Chocolate if youi got this far.   But any experiences/ideas would really help.   I'll try anything if it means I dont have to part with them.


----------



## YasandCrystal (21 March 2013)

I had similar with my little Birman house cat. She started peeing on the floor instead of in the litter tray. The timing of this was when one of my barn cats was injured and had to have a few weeks respite in the house. The vet's suggested she was objecting to the other cat (I put down 2 litter trays!).

She has now finally taken to using the litter tray only to pee in, but she still refuises to poop in there and alwaysy does this on the thankfully laminated floor. 

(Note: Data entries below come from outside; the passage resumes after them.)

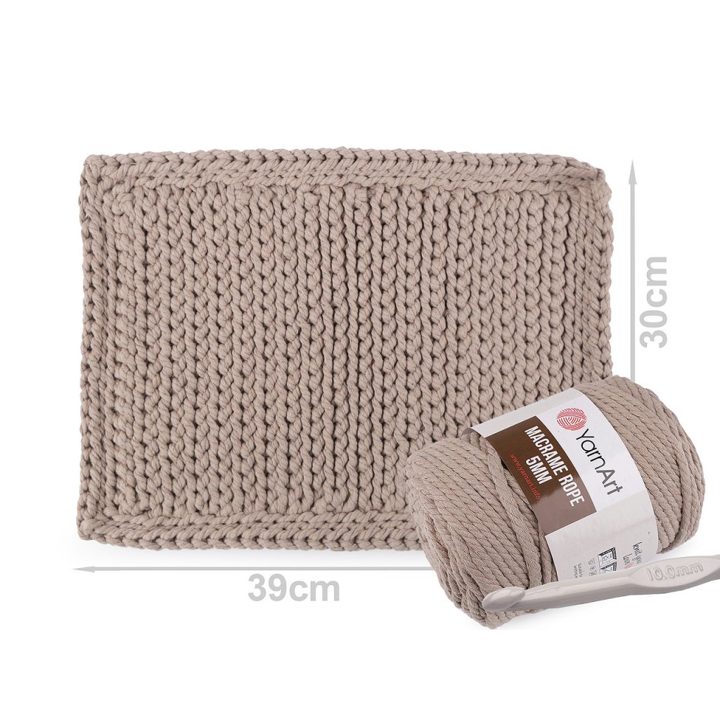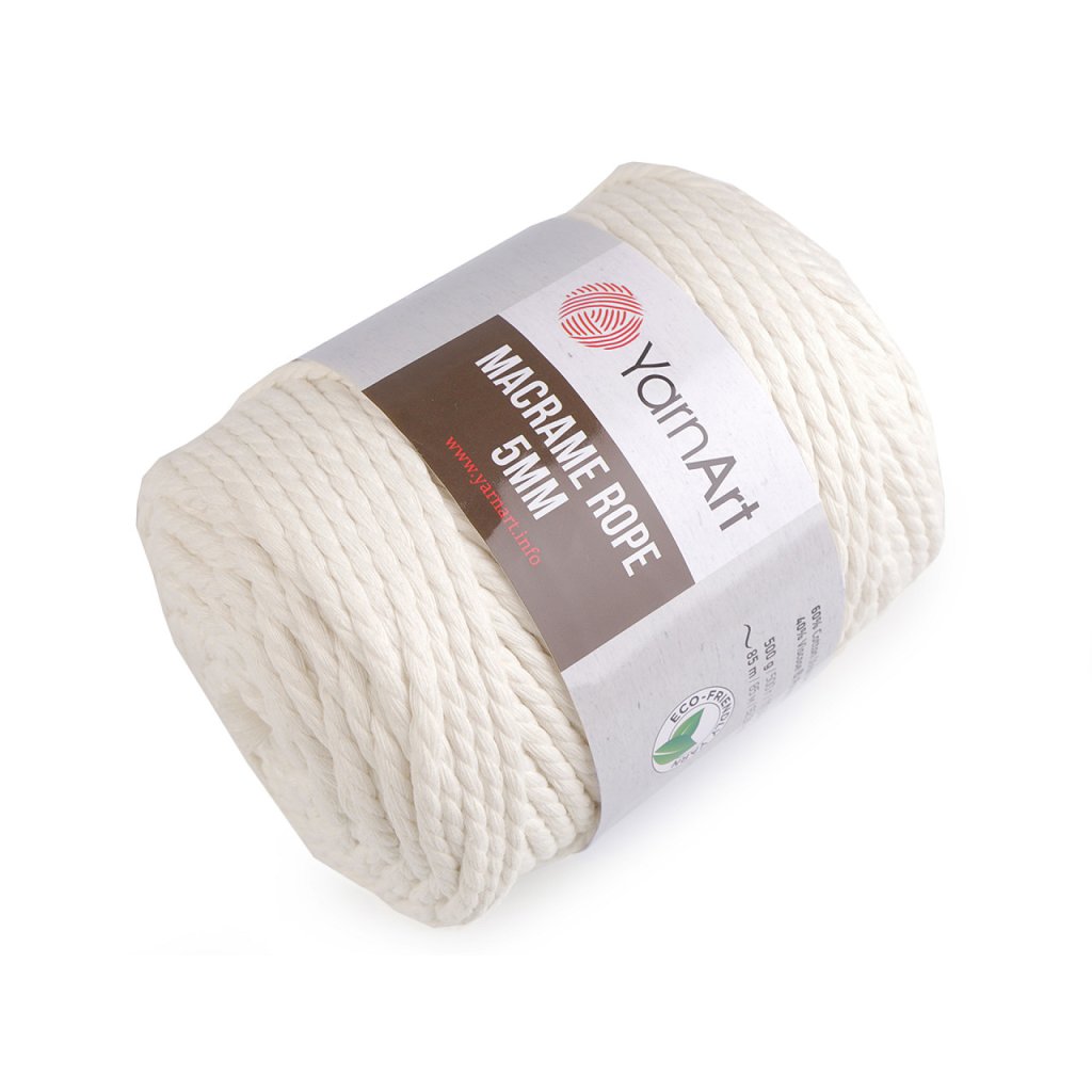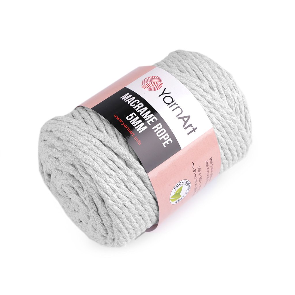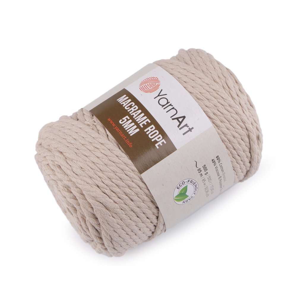 Příze Macrame rope je kroucená a připomíná provázek. Využijete ji na pletení nebo háčkování pufů, košíků, koberečků i tašek. Je vhodná také na výrobu macramé dekorací.
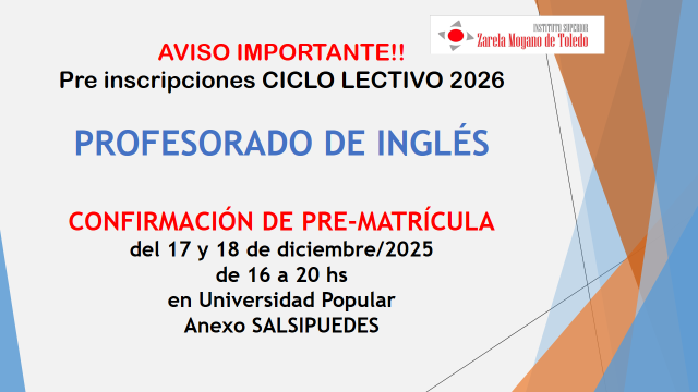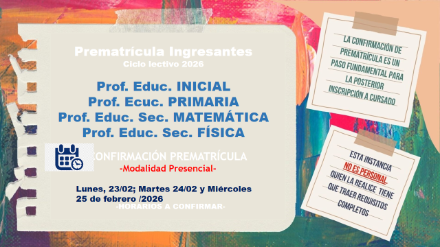 - Abonar CONTRIBUCIÓN PRE-MATRÍCULA 2026 ASOC. COOPERADORA (Consultar en Secretaría del Instituto)
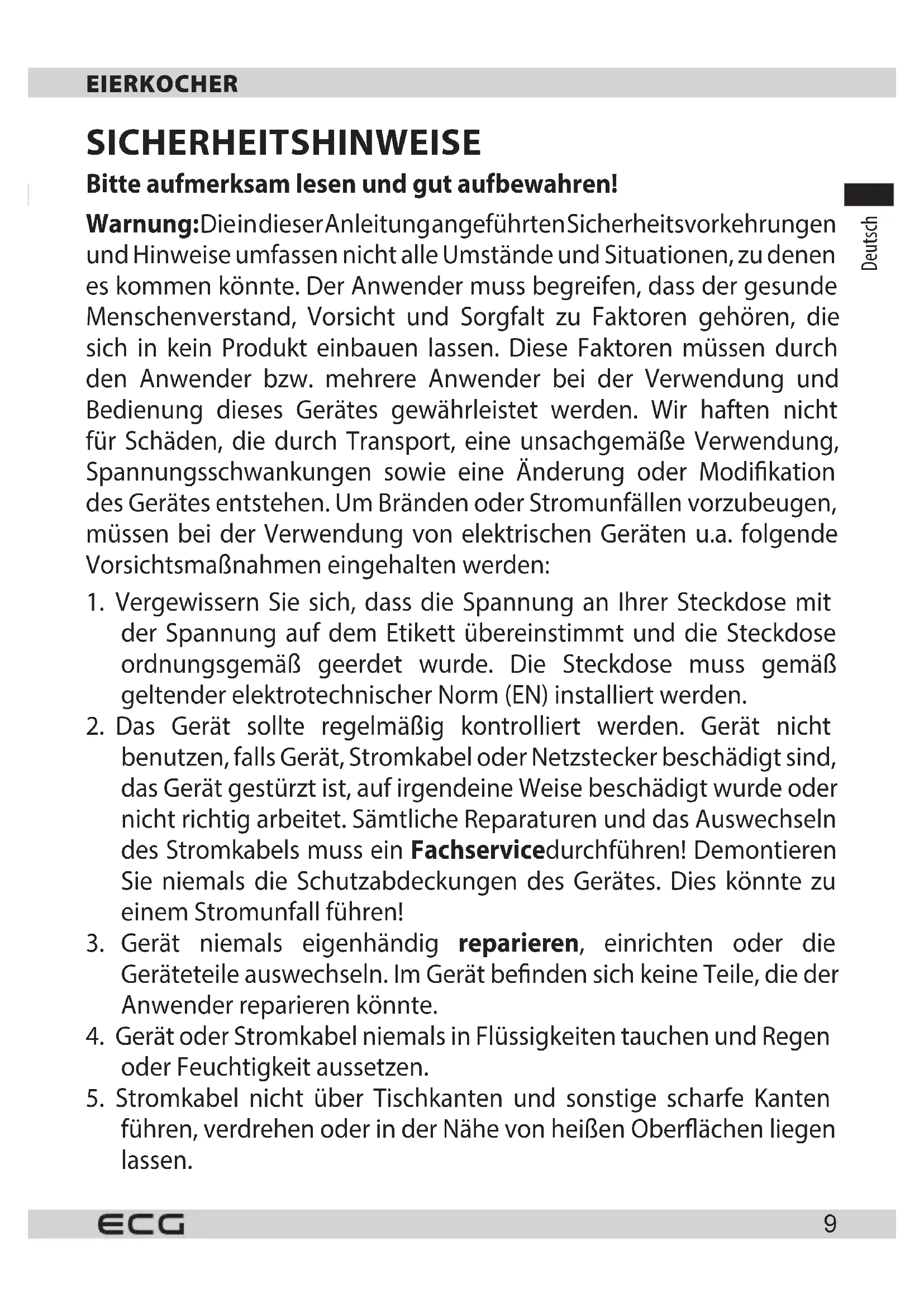 UV 5080 - Eierkocher ECG - Kostenlose Bedienungsanleitung
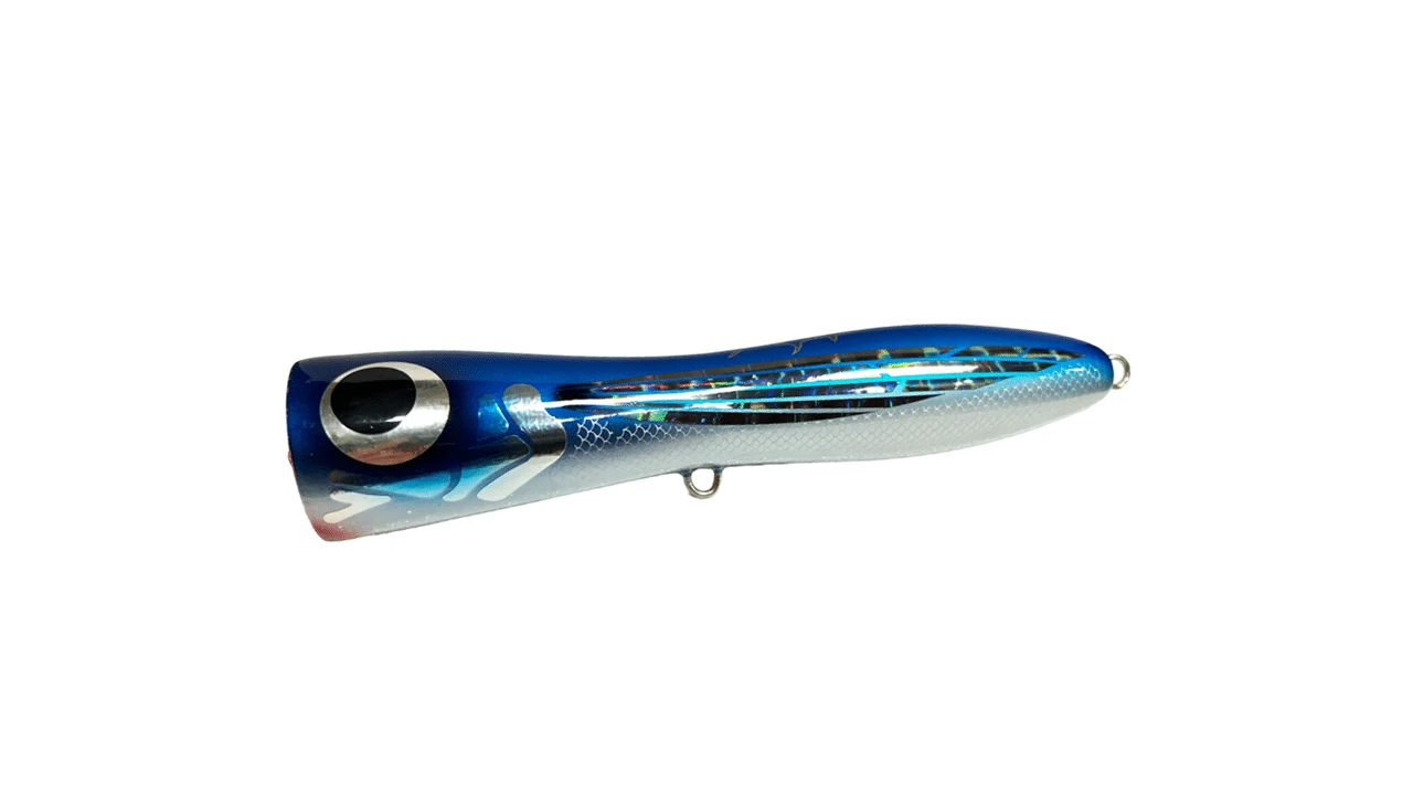 The TP Kustom Jaime is a long popper with an elongated design and a large cup face. this design allows for super long casts into the zone creating a huge commotion and drawing the attention of all nearby fish.

Again my vet advised this is one hard habit to break, so I just have to tolerate it and clear up after her daily. Luckily she is on dry food and her poop solid 

I would suggest cleaning your daughter's carpet with bicarb to remove the odours (cat pee is rank  ) and shutting the door to encourage them to use the litter tray. You can buy a pet spray to keep them away from the previously soiled area too - it's call 'Pet Away' I seem to remember. Oh and have you thought of giving them Zylkene for stress for a period?  You can also buy those plug in aroma sprays that give a stress free ambience - my vet seems to think they work.  Good luck


----------



## misterjinglejay (21 March 2013)

Use a mix of whiskey and water spray to eliminate odours, and slice up lemons to place around the area you don't want the cat to go.
#You can also use upside down (sticky side uppermost) parcel tape - cats hate this as it sticks to them (and makes me laugh LOL)
Also foil on any items not to be peed on - I had a female cat that would pee on my bed frequently, so I put sheets of foil over the duvet when I wasn't in it, and she wouldn't go near it. 

Make sure your litter trays are clean, and some cats like them to be in 'private' areas - cats get embarrassed LOL


----------



## touchstone (21 March 2013)

It sounds as if the stress of moving and having a different smelling object in the room has triggered it and its now become a habit.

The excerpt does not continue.